A phone rings, a loud slow clang of a ring, a metal clapper hitting metal bells, and again, and again, as Ysabel and Gloria stand there, listening, dripping. Clack and the harsh beep, a voice then, too loud as before, but higher, drier, the Duke’s voice, “You stupid sonofabitch pick up I know you’re there. Pick up!” Fumble rattle of phone in hand. “Get in,” he says to someone else. “You’ve finally made it. You’re way out beyond the horizon, over the pale, you’re getting your fucking showdown and when the two of you are done with each other, if there’s anything left of you,” a breath too loud, too harsh, overwhelming, “look up, look to the west. That shadow’s me, coming down off the Throne to grind you into dust.” Click-clack.

Ysabel holding the T-shirt, Gloria’s eyes glinting in the darkness, an eruption of babble and then the voice again, “The horizon, over the pale, you’re getting” clack and tumbling squawk, “Know you’re there. Pick up! Get in. You’ve” clack-clack. “Who,” says Gloria looming, “who the fuck, you know who that is.
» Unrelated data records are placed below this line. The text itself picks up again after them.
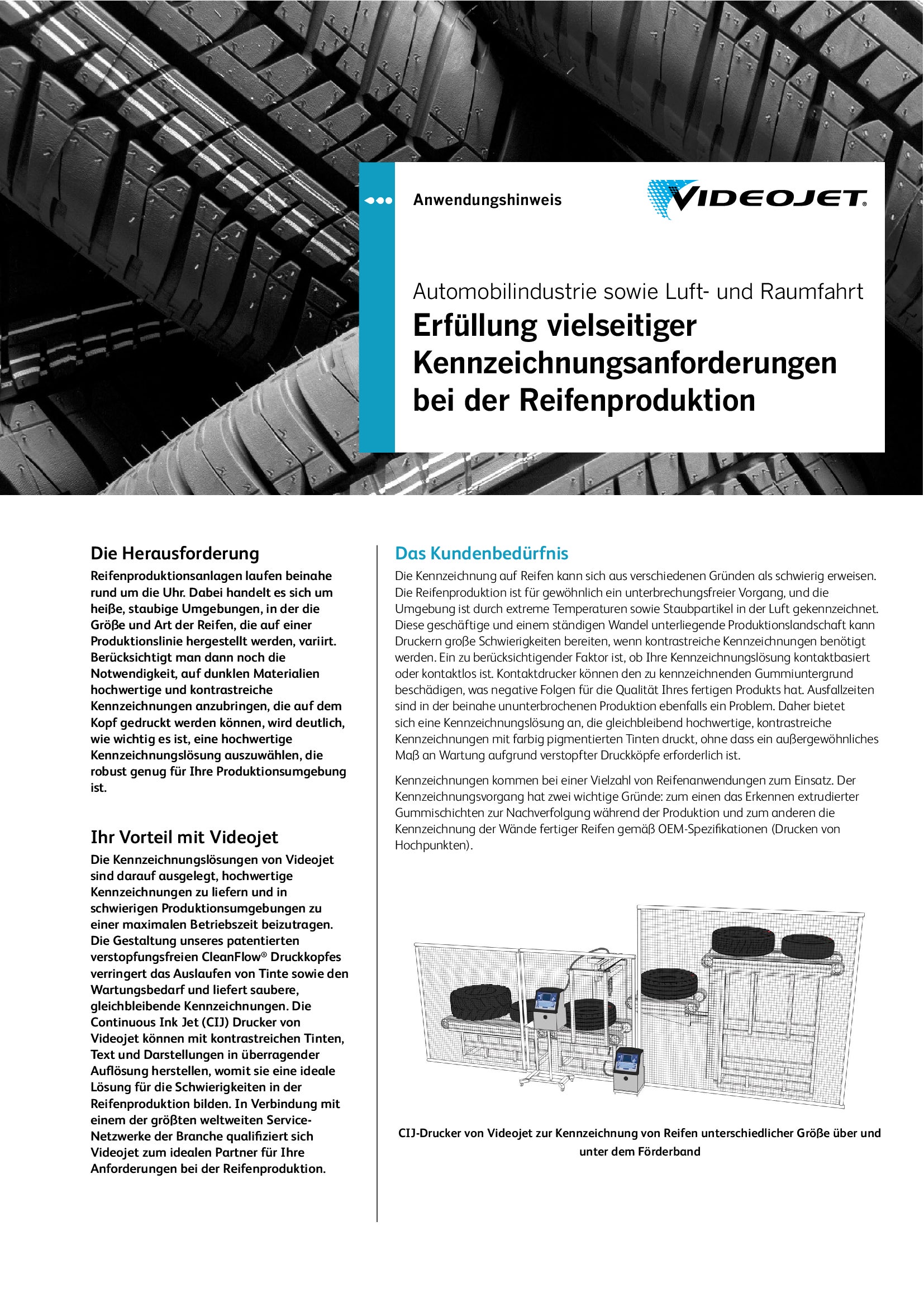 Reifenanlagen sind oft 24 Stunden am Tag und 7 Tage in der Woche in Betrieb. Die hier eingesetzten Codierer drucken ununterbrochen in heißen und staubigen Umgebungen auf dunkle Materialien. Videojet Drucker ermöglichen kontrastreiche Codes mit praktisch verstopfungsfreien Druckköpfen.
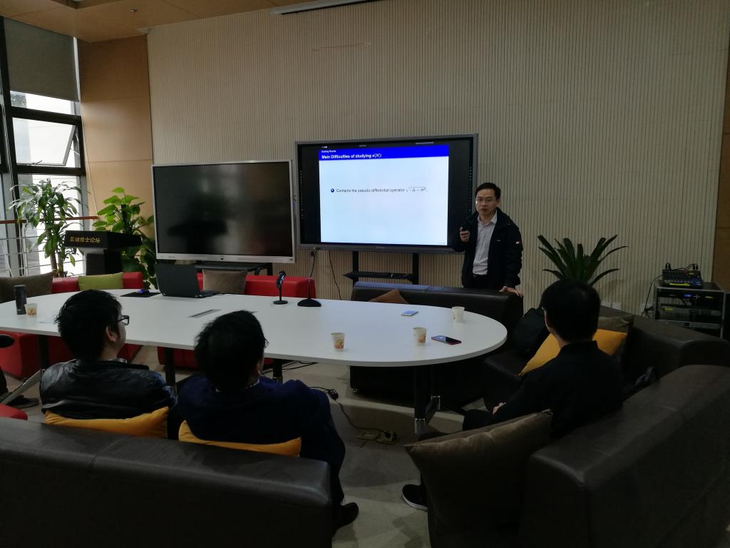 郭玉劲教授首先介绍了一类新的具有深刻物理背景的椭圆方程—Pseudo-relativistic Boson Stars型方程。随后介绍了1984年Lieb在《CMP》上给出的一个公开问题—带Hartree项的分数阶方程极小能量解的唯一性问题。郭教授详细的讲解了这类问题他们的思路,在不同的位势K(x)的影响下,获得绩效能量解的存在性和唯一性问题。
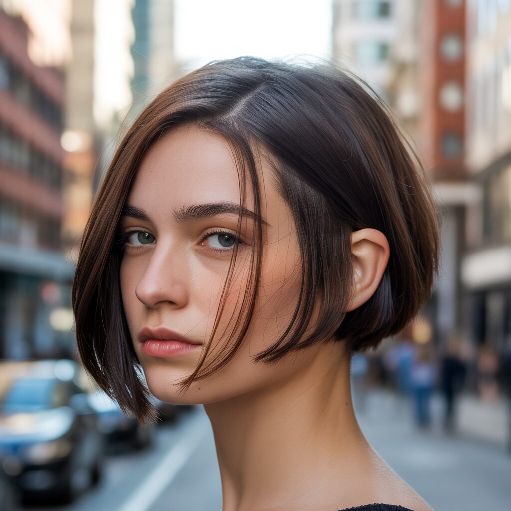 The asymmetrical bob features one side slightly longer than the other, adding a contemporary twist to a classic cut. Unlike traditional bobs, it gives a bold and artistic edge, making it ideal for women who want a standout look. This style draws inspiration from high-fashion runways and urban street style, combining creativity and structure for a striking, face-flattering silhouette.
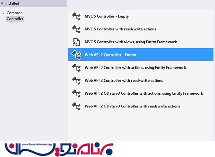 روی پوشه کنترلر راست کلیک کرده و یک Web API 2 controller مانند زیر ایجاد می کنیم.
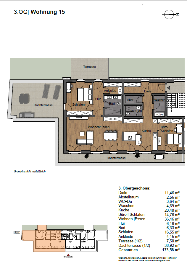 - Wohnung verfügt über eine großzügige Dachterrasse
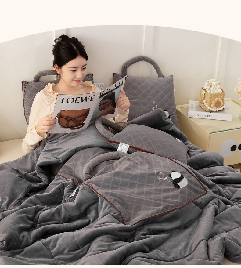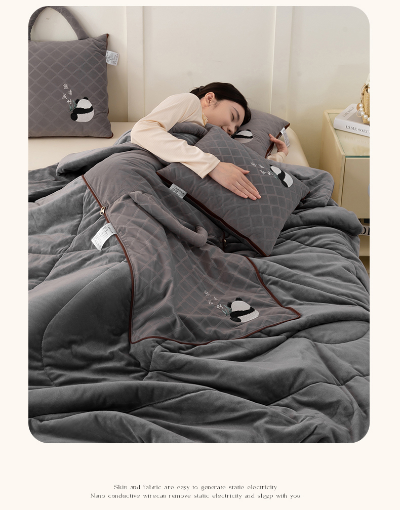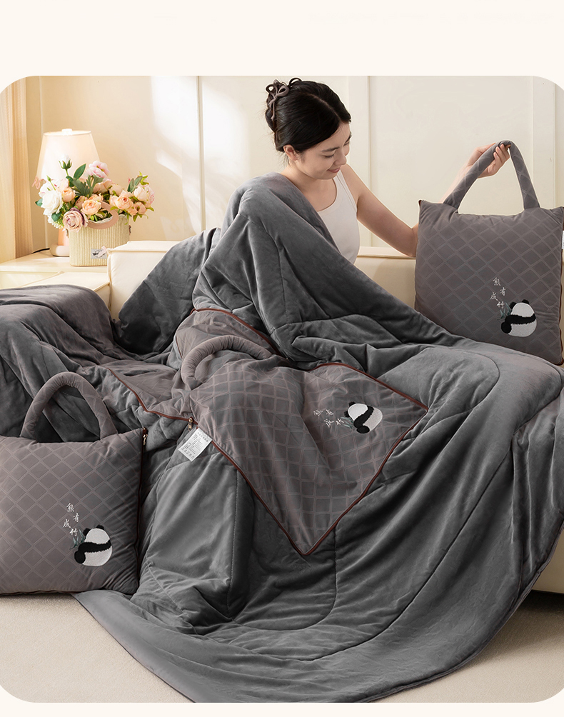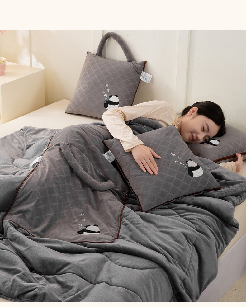 多今家纺 2025新款便携手提式水晶绒玛莎绒刺绣抱枕被子-熊有成竹系列 熊有成竹-石岩灰

You – you – ” Another glint down low leaning in there she is wide face pressed close her hand in black lace there between them. Jutting from it a short wide blade ash-dark but for the very gleaming edge of it. “When the two of you,” the loud voice says, “are done with each other, if there’s” clack. “Who is that,” says Gloria, “who’s he talking about.” Ysabel against the counter leaning back eyes on the knife pressed close. “Each other, if there’s anything left of” click. Babble.

“You don’t know what I can do with this,” says the woman, pressing the blade a crease in Ysabel’s cheek. “If I’m angry.” Voice stretched taut. “And I hate you.” Pressing hard enough to turn Ysabel’s face to one side. “Thing left of you,” that enormous breath, “look up, look to the west.”

“Who is that,” says Gloria. “Who’s coming.”

Ysabel blinking says, “You don’t hate – ”

Her shriek raw piercing there’s a scramble and that recording dies in a crunch of shattered plastic. Around the corner between the rows of yellow tables he’s crouching low feet fast under his dark skirt shirtless sword held up before him short blade back against his forearm leaping onto the counter beneath the dark menu boards. At the back of the kitchen light’s fizzing in the air Gloria’s falling back Ysabel’s slumping falling to her knees hand to her bright face. He leaps again, kicks off the face of an oven, leaves a swipe of a footprint in the grease-rimed dust on the griddle, alights by the sink between them Ysabel on her side clutching her cheek with both hands floor about her flooded in a shock of white light moaning and he turns blade whipping about in his hand to point at Gloria tipped over a couple of paper bags spilling clothing black and white. “What have you done,” he says, his voice gone quiet and cold.